TASK ITEM » Set down the entries that follow exactly as written, leaving out any images.
____________
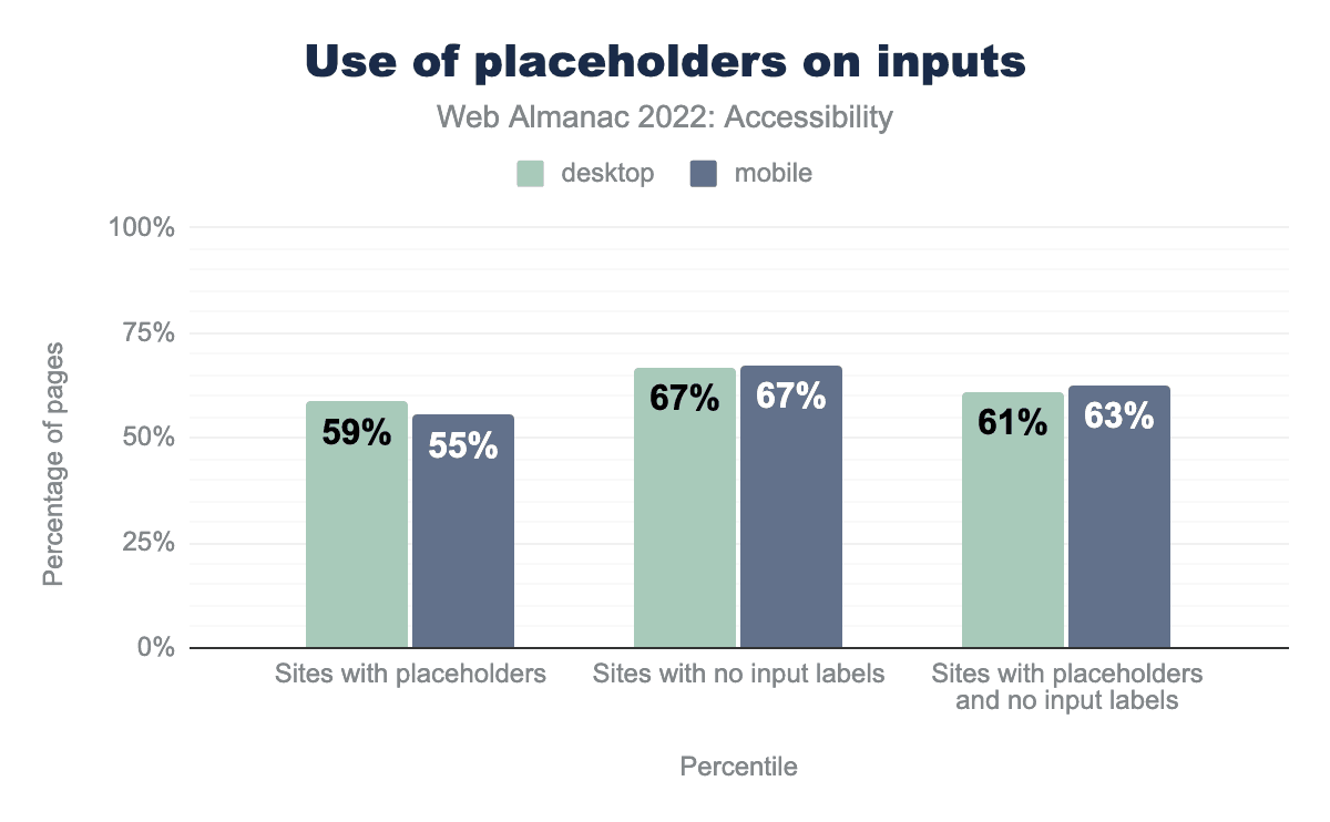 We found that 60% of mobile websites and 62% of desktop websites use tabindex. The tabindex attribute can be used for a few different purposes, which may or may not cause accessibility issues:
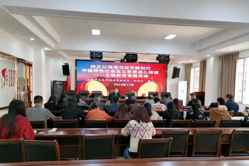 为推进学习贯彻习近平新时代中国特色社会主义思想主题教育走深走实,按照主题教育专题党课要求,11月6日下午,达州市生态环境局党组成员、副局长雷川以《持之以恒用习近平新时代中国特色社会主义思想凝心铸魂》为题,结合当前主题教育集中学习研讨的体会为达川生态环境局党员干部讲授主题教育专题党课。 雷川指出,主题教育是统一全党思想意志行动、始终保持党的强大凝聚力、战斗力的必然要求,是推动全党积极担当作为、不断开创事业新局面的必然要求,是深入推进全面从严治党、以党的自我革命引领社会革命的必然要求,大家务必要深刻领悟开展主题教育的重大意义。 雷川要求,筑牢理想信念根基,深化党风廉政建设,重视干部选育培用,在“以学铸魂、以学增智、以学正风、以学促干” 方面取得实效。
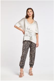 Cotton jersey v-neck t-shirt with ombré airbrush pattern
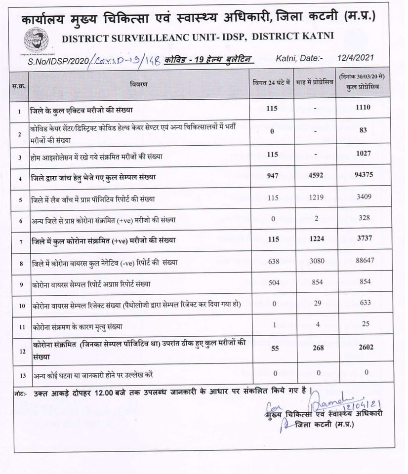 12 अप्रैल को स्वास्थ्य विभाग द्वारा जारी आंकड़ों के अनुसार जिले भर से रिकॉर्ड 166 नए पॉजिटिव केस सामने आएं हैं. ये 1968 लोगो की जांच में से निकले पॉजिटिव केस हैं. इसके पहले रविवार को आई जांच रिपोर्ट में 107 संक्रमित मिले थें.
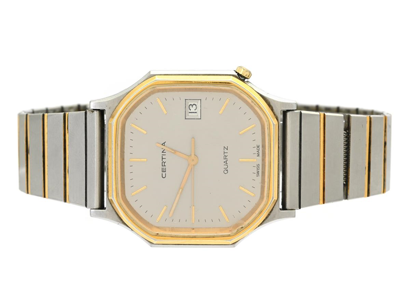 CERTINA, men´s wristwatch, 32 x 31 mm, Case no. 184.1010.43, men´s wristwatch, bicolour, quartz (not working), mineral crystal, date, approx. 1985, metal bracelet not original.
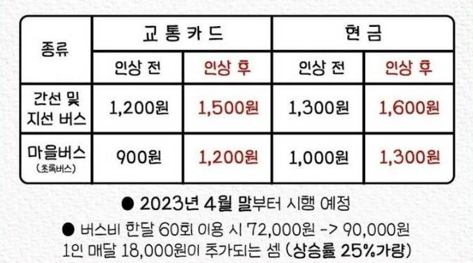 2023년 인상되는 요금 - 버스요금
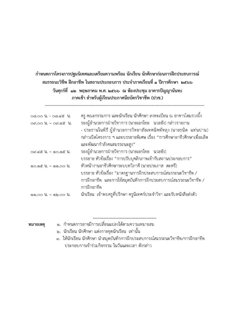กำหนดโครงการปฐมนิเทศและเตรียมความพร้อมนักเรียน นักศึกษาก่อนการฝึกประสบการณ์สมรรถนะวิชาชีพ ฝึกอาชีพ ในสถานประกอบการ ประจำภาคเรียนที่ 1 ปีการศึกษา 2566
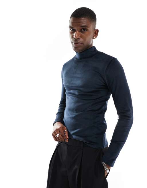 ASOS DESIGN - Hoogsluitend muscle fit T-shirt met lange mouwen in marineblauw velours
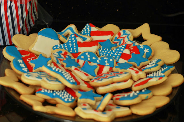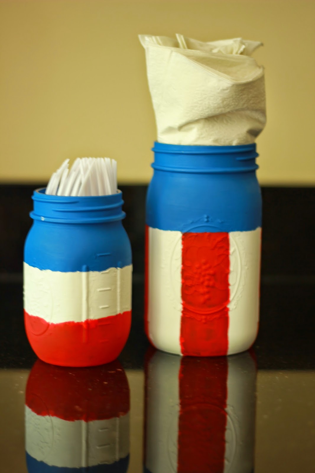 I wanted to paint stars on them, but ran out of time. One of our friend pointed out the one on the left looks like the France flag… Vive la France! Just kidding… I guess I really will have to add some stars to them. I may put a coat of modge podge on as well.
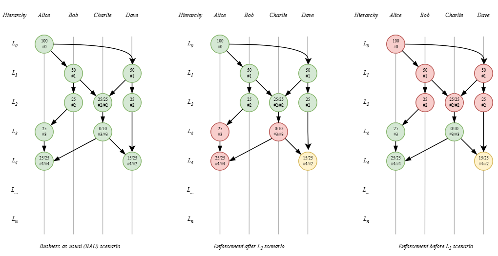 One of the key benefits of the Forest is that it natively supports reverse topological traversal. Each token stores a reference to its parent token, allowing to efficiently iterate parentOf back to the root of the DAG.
____________
SOLVED EXERCISE »
 We found that 60% of mobile websites and 62% of desktop websites use tabindex. The tabindex attribute can be used for a few different purposes, which may or may not cause accessibility issues:
 为推进学习贯彻习近平新时代中国特色社会主义思想主题教育走深走实,按照主题教育专题党课要求,11月6日下午,达州市生态环境局党组成员、副局长雷川以《持之以恒用习近平新时代中国特色社会主义思想凝心铸魂》为题,结合当前主题教育集中学习研讨的体会为达川生态环境局党员干部讲授主题教育专题党课。 雷川指出,主题教育是统一全党思想意志行动、始终保持党的强大凝聚力、战斗力的必然要求,是推动全党积极担当作为、不断开创事业新局面的必然要求,是深入推进全面从严治党、以党的自我革命引领社会革命的必然要求,大家务必要深刻领悟开展主题教育的重大意义。 雷川要求,筑牢理想信念根基,深化党风廉政建设,重视干部选育培用,在“以学铸魂、以学增智、以学正风、以学促干” 方面取得实效。
 Cotton jersey v-neck t-shirt with ombré airbrush pattern
 12 अप्रैल को स्वास्थ्य विभाग द्वारा जारी आंकड़ों के अनुसार जिले भर से रिकॉर्ड 166 नए पॉजिटिव केस सामने आएं हैं. ये 1968 लोगो की जांच में से निकले पॉजिटिव केस हैं. इसके पहले रविवार को आई जांच रिपोर्ट में 107 संक्रमित मिले थें.
 CERTINA, men´s wristwatch, 32 x 31 mm, Case no. 184.1010.43, men´s wristwatch, bicolour, quartz (not working), mineral crystal, date, approx. 1985, metal bracelet not original.
 2023년 인상되는 요금 - 버스요금
กำหนดโครงการปฐมนิเทศและเตรียมความพร้อมนักเรียน นักศึกษาก่อนการฝึกประสบการณ์สมรรถนะวิชาชีพ ฝึกอาชีพ ในสถานประกอบการ ประจำภาคเรียนที่ 1 ปีการศึกษา 2566
 ASOS DESIGN - Hoogsluitend muscle fit T-shirt met lange mouwen in marineblauw velours
 I wanted to paint stars on them, but ran out of time. One of our friend pointed out the one on the left looks like the France flag… Vive la France! Just kidding… I guess I really will have to add some stars to them. I may put a coat of modge podge on as well.
 One of the key benefits of the Forest is that it natively supports reverse topological traversal. Each token stores a reference to its parent token, allowing to efficiently iterate parentOf back to the root of the DAG.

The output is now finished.